Where the energy levels to promising territory is the remains of the episode, where it resembled the breezy, energetic pace of a prior ODAAT episode.  Lydia (Rita Moreno) passive aggressively places noise in her daughter's head about needing a man.  Elena (Isabella Gomez) contemplates a life without Syd (Sheridan Pierce).  And Alex (Marcel Ruiz) remains the irritated side fiddle to the tales.  Checking Boxes glamorized the female front yet sidelined the minority male cast.  Schneider (Todd Grinnell) was reduced to the paternal, nonchalant advisory role in the episodes' remains, only enjoying a punch as his girlfriend Avery was coming into the building.

ODAAT's return episode held a common strength and weakness as the series is doing too much at once.  It attempted social relevance, flair, character development, controversy, ageism and everything but the kitchen sink in one episode.  And is this a negative factor for a series which survived a mid-platform jump?  The series still possesses energy, which it will need to navigate the cable jungles vs the streaming pleasure dome.

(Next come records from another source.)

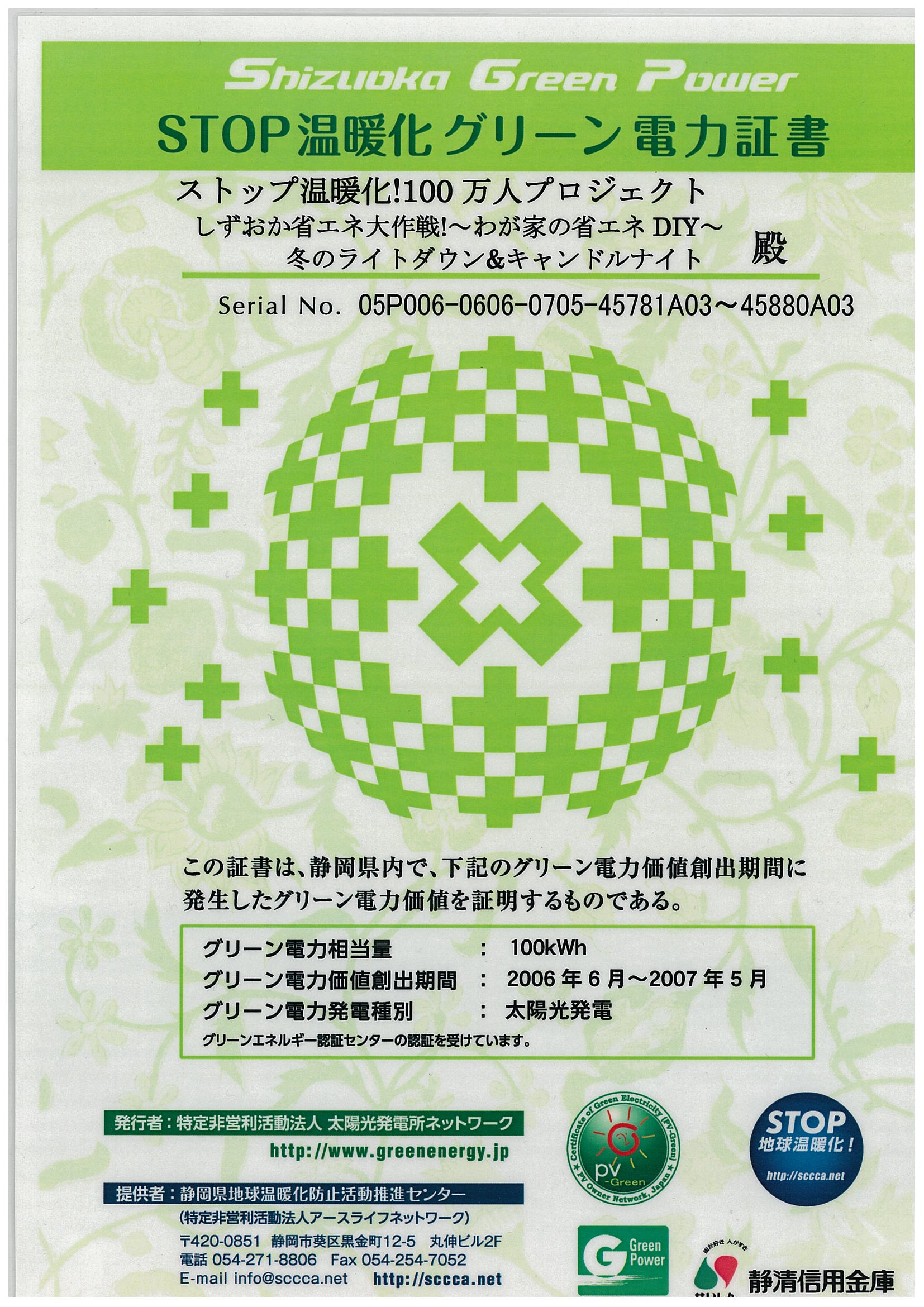 なお、本イベントは静岡県内で太陽光発電されたグリーン電力を使用しているため、静岡県地球温暖化防止活動推進センターより「グリーン電力証書」を贈呈されました。
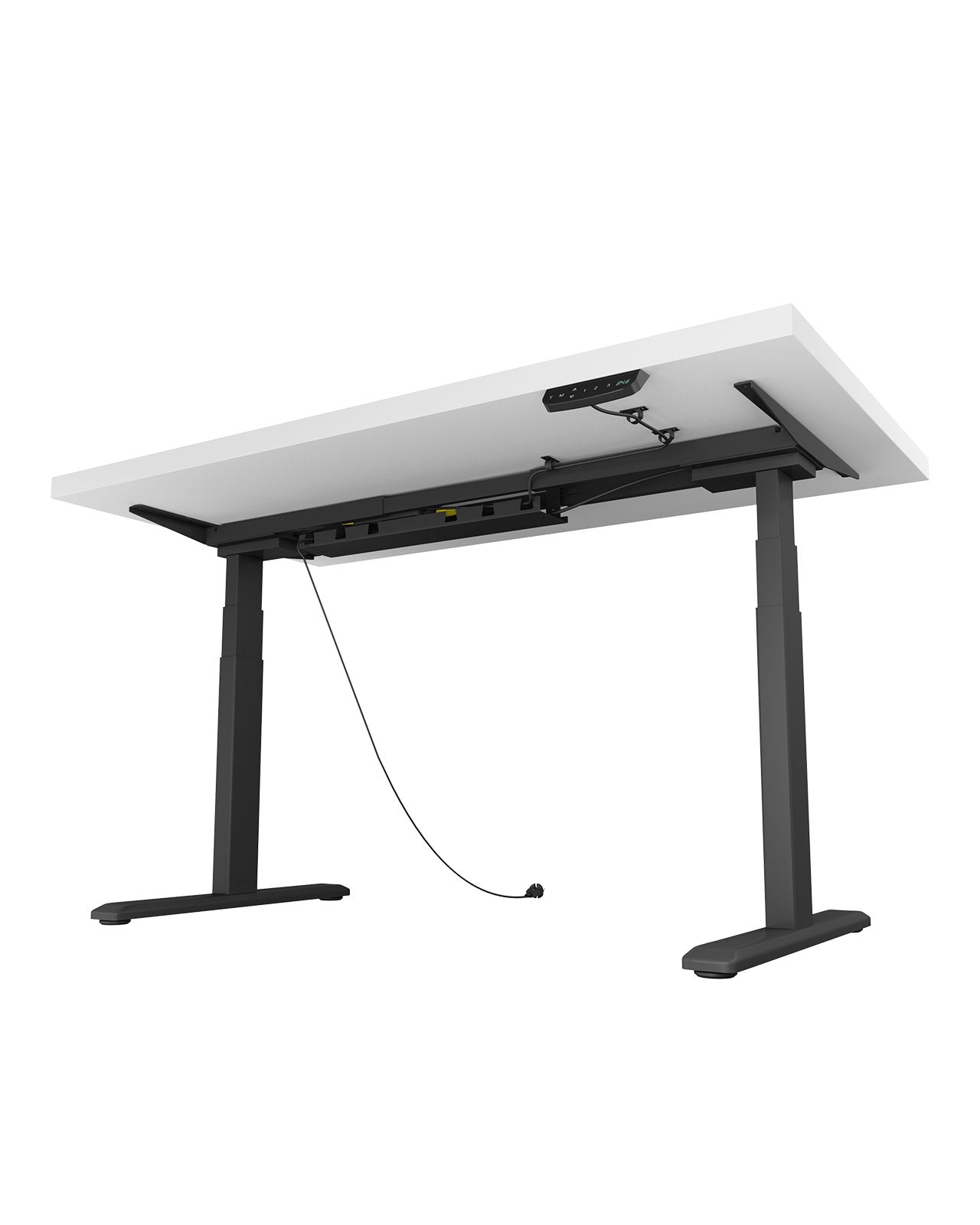 EASY CONTROL: - 3-stage extendable desk legs ensure a seconds-quick change from sitting to standing with a fingertip. Settings can be made with a single button press
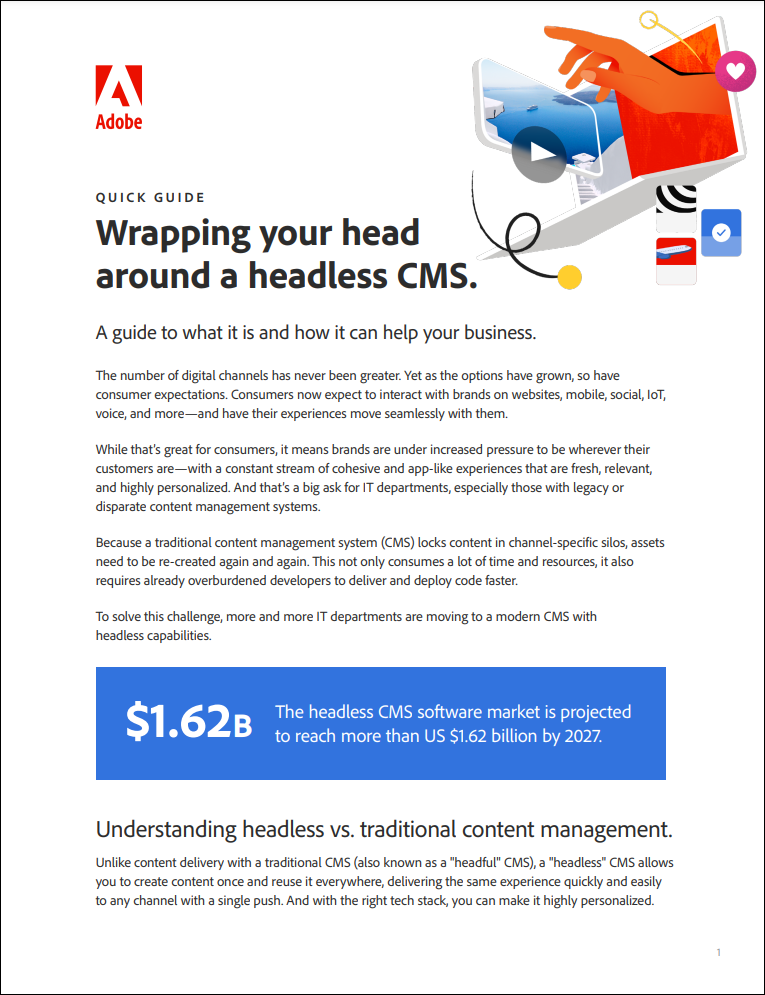 Headless is a complex topic, so this is a quick 4-page guide that explains what it is, how it works, the differences between a traditional and headless CMS, and the key business benefits.

The ensemble still crackles and possesses the same chemistry.  Character development continues for the female front, whilst the males need a little more spice and love.  Alex (Ruiz) merely stitched the scenes together in the current episode, and perhaps it would fit if he'd pick up his vape pen and return to exciting teenage storylines.  Leslie existed in the opening as the butt of the ladies' rejections, while Schneider also languished as the bookend of the episode.  Save for these nuances, Season 4's premiere crackled and perhaps may ignite enough ash to develop a Nielsen base to survive for future episodes.